**Description of the task**
Lower down are entries containing pictures. Copy exactly, without those pictures, the lines from the line with "Het gebouw is" through the line with "Drs.H.Jamaluddin Asisten III".
[[ Data provided open ]]
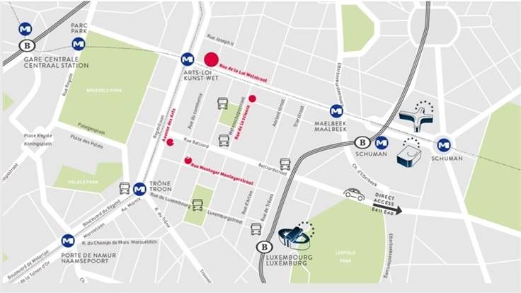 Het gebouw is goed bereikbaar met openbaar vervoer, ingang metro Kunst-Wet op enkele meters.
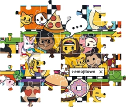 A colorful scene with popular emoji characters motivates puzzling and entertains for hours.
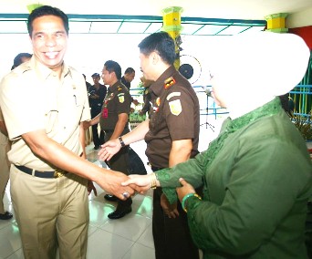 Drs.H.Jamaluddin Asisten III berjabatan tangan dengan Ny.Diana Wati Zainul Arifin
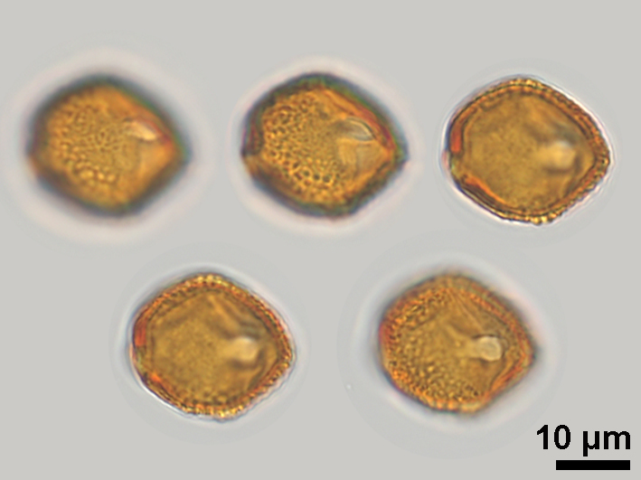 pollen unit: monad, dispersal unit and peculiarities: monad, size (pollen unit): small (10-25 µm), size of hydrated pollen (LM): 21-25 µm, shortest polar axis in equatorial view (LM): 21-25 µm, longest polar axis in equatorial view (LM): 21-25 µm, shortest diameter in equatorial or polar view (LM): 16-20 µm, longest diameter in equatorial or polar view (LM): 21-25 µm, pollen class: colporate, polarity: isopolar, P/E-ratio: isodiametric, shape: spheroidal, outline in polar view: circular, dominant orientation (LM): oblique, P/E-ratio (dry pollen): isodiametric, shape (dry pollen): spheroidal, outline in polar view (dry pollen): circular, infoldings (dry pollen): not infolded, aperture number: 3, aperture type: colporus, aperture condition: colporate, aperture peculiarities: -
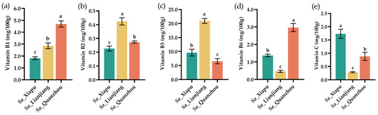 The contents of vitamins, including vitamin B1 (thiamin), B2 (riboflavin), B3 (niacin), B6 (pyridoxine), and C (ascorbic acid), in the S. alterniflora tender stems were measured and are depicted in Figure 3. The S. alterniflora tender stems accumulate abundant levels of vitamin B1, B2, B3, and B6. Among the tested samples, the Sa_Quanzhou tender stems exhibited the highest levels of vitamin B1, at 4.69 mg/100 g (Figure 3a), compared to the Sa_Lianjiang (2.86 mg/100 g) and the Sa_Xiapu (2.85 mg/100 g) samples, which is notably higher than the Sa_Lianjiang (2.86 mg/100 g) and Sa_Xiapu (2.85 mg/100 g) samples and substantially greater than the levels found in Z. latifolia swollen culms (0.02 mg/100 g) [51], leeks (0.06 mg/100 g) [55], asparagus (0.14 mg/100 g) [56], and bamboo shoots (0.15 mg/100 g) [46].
[[ Data provided closed ]]
[[ Data provided open ]]
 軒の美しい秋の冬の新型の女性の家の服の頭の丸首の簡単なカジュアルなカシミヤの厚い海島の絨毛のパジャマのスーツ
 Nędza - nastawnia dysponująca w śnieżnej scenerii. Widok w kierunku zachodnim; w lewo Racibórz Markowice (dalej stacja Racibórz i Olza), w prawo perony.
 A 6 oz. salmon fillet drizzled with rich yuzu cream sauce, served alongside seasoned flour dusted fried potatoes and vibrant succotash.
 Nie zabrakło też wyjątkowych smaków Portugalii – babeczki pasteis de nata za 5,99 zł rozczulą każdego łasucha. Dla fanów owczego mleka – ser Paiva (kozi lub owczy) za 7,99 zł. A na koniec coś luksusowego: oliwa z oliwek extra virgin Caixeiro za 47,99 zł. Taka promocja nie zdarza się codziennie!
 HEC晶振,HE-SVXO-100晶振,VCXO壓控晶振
[[ Data provided closed ]]
**Solution**
 Het gebouw is goed bereikbaar met openbaar vervoer, ingang metro Kunst-Wet op enkele meters.
 A colorful scene with popular emoji characters motivates puzzling and entertains for hours.
 Drs.H.Jamaluddin Asisten III berjabatan tangan dengan Ny.Diana Wati Zainul Arifin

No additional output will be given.